Though it's still got chumps saying "you're so money", there's one thing Swingers gets right about LA: there is no way you can take them to the Cup with the offsides on. Oh, and girls care about what you drive. Re-affirming the latter: Date My Ride.
A just-dropped personals site that doesn't care about trivial things like "personality" or "what you actually look like", DMR hooks you up with the girl/exhaust pipe of your dreams via a dropdown menu of the cars they may drive (ranging from Aston Martins to Volvos), as well as a "Spotted" section that's a lot like Missed Connections, also the original name for The Terminal, in which Tom Hanks is just really crappy at reading the airport maps. Among those Spotted around the country:
ZDustball: "I saw this awesome lifted F-250 turbo diesel with a 9ft whip antenna. Looks like it's actually used and not a 'Street Queen' either!" -- which makes total sense, since he wasn't anywhere near Donut Time on Highland.

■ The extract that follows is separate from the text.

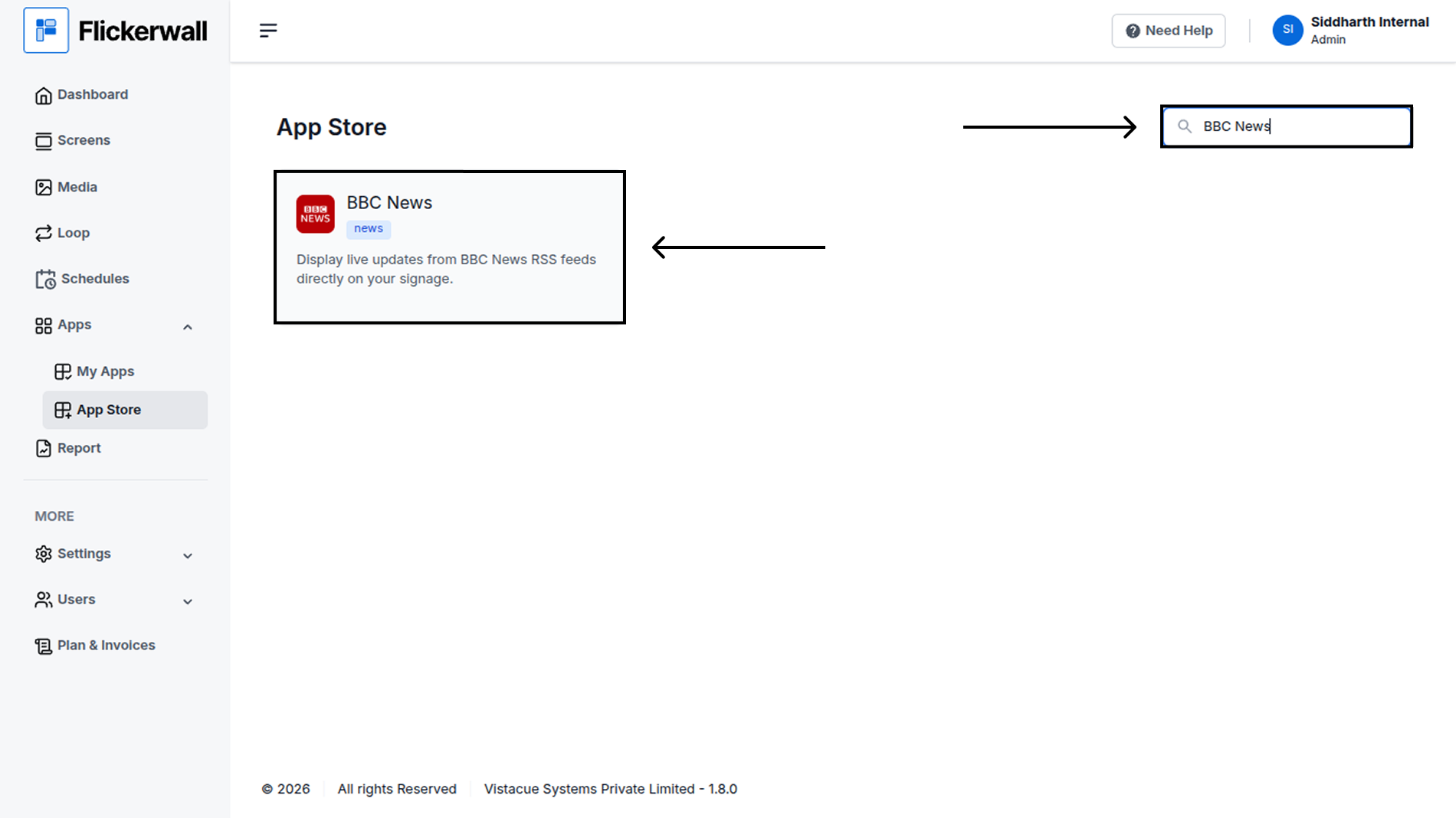 Learn how to add the BBC News from the Flickerwall app storeStep 1 Go to Apps and then App store! click on the apps and then Nevigate to App store in the appeared drawer

SaraM: "I saw black BMW (I think 7series). Cute guy was driving it. We kind of glanced at each other but then car got between us. Drop me a line" -- proof you can meet people locally. If you're super rich, and drive $90 K cars. DAMN YOU, LA!
PaulM: "Why there are no girls in here?"
As an incentive to new users, the site's also giving away some free iPods, which's great, but no insurance you'll actually use Date My Ride for its original use, and become a Cherry Poppin' Daddy.